Member of the Missouri House of Representatives from the 50th district
- In office April 2017 – January 2023
- Preceded by: Caleb Jones
- Succeeded by: Douglas Mann

Personal details
- Born: Torrance, California, U.S.
- Party: Republican
- Spouse: Steve Walsh ​ ​(m. 2012; died 2021)​
- Education: Columbia College (BBA) University of Missouri (MPA)

= Sara Walsh (politician) =

American politician

Sara Walsh is an American politician who served as a member of the Missouri House of Representatives, representing the 50th district from 2017 to 2023.

== Early life and education ==
Walsh was born in Torrance, California, and moved to Ashland, Missouri, in 1986. She earned a Bachelor of Business Administration from Columbia College and a Master of Public Affairs from the Truman School of Public Affairs of the University of Missouri.

==Personal life==
In 2012, Walsh married Steve Walsh, a former journalist who became press secretary to Congresswoman Vicky Hartzler.

On August 5, 2021, Walsh announced that both she and her husband had COVID-19 and had chosen to not be vaccinated against it. On August 19, Steve Walsh died at the age of 63 of COVID-19.

== Career ==
In 2005, Walsh worked as a legislative assistant in the Missouri House of Representatives. From 2004 to 2014, she was a programs and outreach manager for the National Newspaper Association. In 2014 and 2015, she was a staff auditor in the office of the state auditor of Missouri. From 2015 to 2017, she was a member services coordinator for the Missouri Pharmacy Association.

=== Missouri House of Representatives ===
Walsh was elected to the House in April 2017 to replace Caleb Jones, who resigned to take on the job as deputy chief of staff to Missouri Governor Eric Greitens. She is a member of the Republican Party. Starting in 2021, she served as the Republican majority caucus chair.

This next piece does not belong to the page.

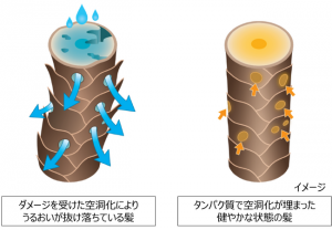 ダメージを受けた髪は、スポンジのように毛髪内部が空洞化しています。髪に元々蓄えられている成分が流失しダメージホールが発生。穴があいた状態ではいくら成分補給をしても、ため込むことができず流れ出る状態に陥ります。

Walsh also served as chair of the House Consent and Procedure Committee.

Walsh supports anti-abortion legislation and supported a proposal that would remove Medicaid funding from Planned Parenthood in Missouri.

=== 2022 congressional election ===
On July 7, 2021, Walsh announced her candidacy for Missouri's 4th congressional district in the 2022 election. On May 16, 2022, Walsh dropped out of the Republican primary, citing new district maps that placed much of her State House district outside the 4th District.